Africa Deserves To Manufacture

In a sane world, this map would bring about a rapid realignment of forces. Manufacturing and installing these solar panels is the next industrial revolution all on its own.

Quagmire in the Sahara: Desertec's Promise of Solar Power for Europe Fades
Supporters hailed the Desertec Industrial Initiative as the most ambitious solar energy project ever when it was founded in 2009. Major industrial backers pledged active involvement, politicians saw a win-win proposition and environmentalists fawned over Europe's green energy future. For a projected budget of €400 billion ($560 billion), the venture was to pipe clean solar power from the Sahara Desert through a Mediterranean super-grid to energy-hungry European countries. ..... Spain recently balked at signing a declaration of intent to connect high-voltage lines between Morocco and the rest of Europe. In recent weeks, two of the biggest industrial supporters at the founding of the initiative, Siemens and Bosch, backed out. And perhaps most tellingly, though last week's third annual Desertec conference was held in Berlin's Foreign Ministry, not a single German cabinet minister bothered to attend. .... Political backing for energy from the desert, in other words, is evaporating. ...... For all the initial enthusiasm, countries have been hesitant about plunging into a large, cooperative grid in Europe, North Africa and the Middle East. ....... "We should say we're closing the whole thing down because we have no political support." ...... Renewable energy projects remain more expensive than traditional fossil fuel plants and tend to require government subsidies.

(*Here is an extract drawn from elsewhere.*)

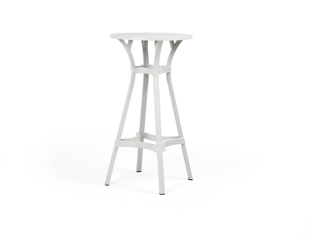 Vrtna barska miza COMBO HIGH je na voljo v štirih barvah, je visoka zunanja miza iz reciklirane plastike. Ima okroglo ploščo premera 70 cm, in je v kompletu z dodatkom podaljška (Kit combo high). Zgornji del se mehansko prilega dnu, in je zahvaljujoč novi tehnologiji izdelana iz 100% recikliranega regeneriranega polipropilena. To ji omogoča popolno ravnost in intenzivno uporabo skozi čas. Barva in tekstura regenerirane plastike sta namensko izbrani, z željo po privlačnem videzu ki je v harmoniji z zunanjo okolico. Subtilne proge, ki niso popolnoma enakomerne, naredi vsak posamičen kos edinstven in neponovljiv. Miza Combo high ima odlične fizikalne in tehnične lastnosti, ter čisto in teksturirano estetsko privlačnost. Ne zahteva posebnega vzdrževanja in je odporna na zunanje vremenske vplive. Combo high je del industrijskega programa Regeneration podjetja NARDI, ki uporablja regenerirano plastiko za izdelavo zunanjega pohištva. K mizi se lepo poda visok stol Stack maxi.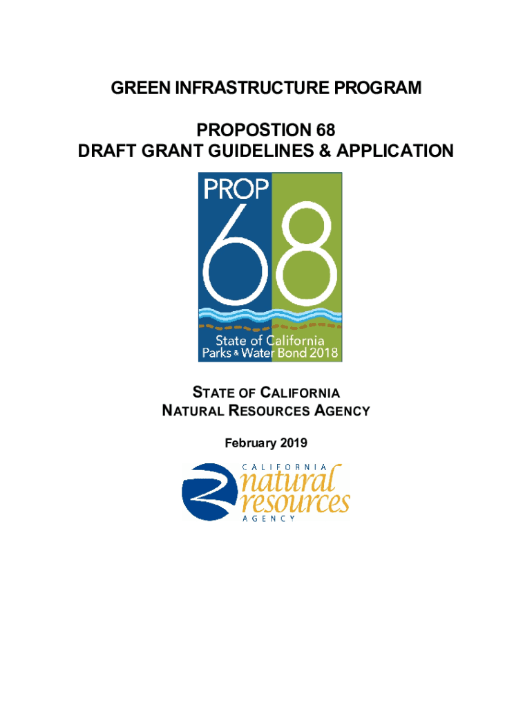 GREEN INFRASTRUCTURE PROGRAM PROPORTION 68 DRAFT GRANT GUIDELINES & APPLICATIONSTATE OF CALIFORNIA NATURAL RESOURCES AGENCY February 2019(Intentionally left blank)PUBLIC COMMENT MEETINGS SACRAMENTO

And Desertec is an order of magnitude larger and more complicated than the offshore wind parks currently under construction in the North Sea. The idea is to generate a significant percentage of Europe's energy needs using solar thermal plants in sunny North Africa and then transmitting that power via an ultramodern grid across the Mediterranean. ....... Part of the problem is historical distrust. No country wants to import electricity and energy security is often at the top of national objectives. ....... Exporting the green power involves connecting the countries with the sun to consumer countries like Germany by way of long-distance high-voltage power lines. That is expensive, and any country that is to be part of the proposed new grid, like Spain, can throw a wrench in the works.